EEA EFTA Comment on the proposal for a new directive on payment services in the Internal Market

Published 24-03-2014
The EEA EFTA States have submitted comments to the European Commission, the European Parliament and the Greek Presidency of the European Union on the proposal for a new directive of the European Parliament and of the Council on payment services in the Internal Market.

In order to adapt the EU payments market to the opportunities available in the Single Market and to support the growth of the EU economy, the European Commission has proposed a new Payment Services Directive (“PSD2”). Its aim is to secure the use of low-cost internet payment services by including new so-called “payment initiation services” within its scope. These are services that operate between the merchant and the purchaser’s bank, allowing for cheap and efficient electronic payments without the use of a credit card. These service providers will now be subject to the same high standards of regulation and supervision as all other payment institutions. At the same time, banks and all other payment service providers will need to step up the security of online transactions by including strong customer authentication for payments. Consumers will be better protected against fraud, possible abuses and payment incidents, and may only be required to face very limited losses in cases of unauthorised card payments.
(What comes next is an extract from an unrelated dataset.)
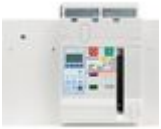
T804H3200 Fixed version air circuit breaker 4P - I...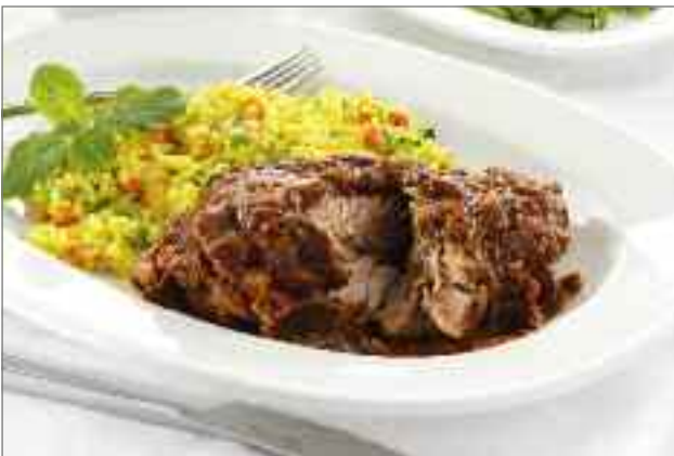
F 34213 Brakes Allspice Lamb Shoulder Fully cooked bone in lamb shoulder in a tomato & allspice sauce. – 1 x 8 (385g)

In their comments, the EEA EFTA States welcome the initiative, but note that the proposed text implies that national legislation must require payment card users to bear all losses on unauthorised transactions incurred through gross negligence on the part of the user. The EEA EFTA States are concerned that this may result in a reduction in the level of consumer protection in Europe, at least in some countries, and they therefore encourage the inclusion in the revised directive of the current option in PSD1 to limit customer liability, in order to maintain the present level of consumer protection.

The EEA EFTA States also note that the proposed directive prohibits the payee from charging the payer for using payment instruments for which interchange fees are regulated under the proposed regulation on interchange fees for card-based payment transactions (COM(2013) 550). They point out that it might serve both consumer interests and effectiveness in the payment service area better, if surcharging is not put under absolute prohibition.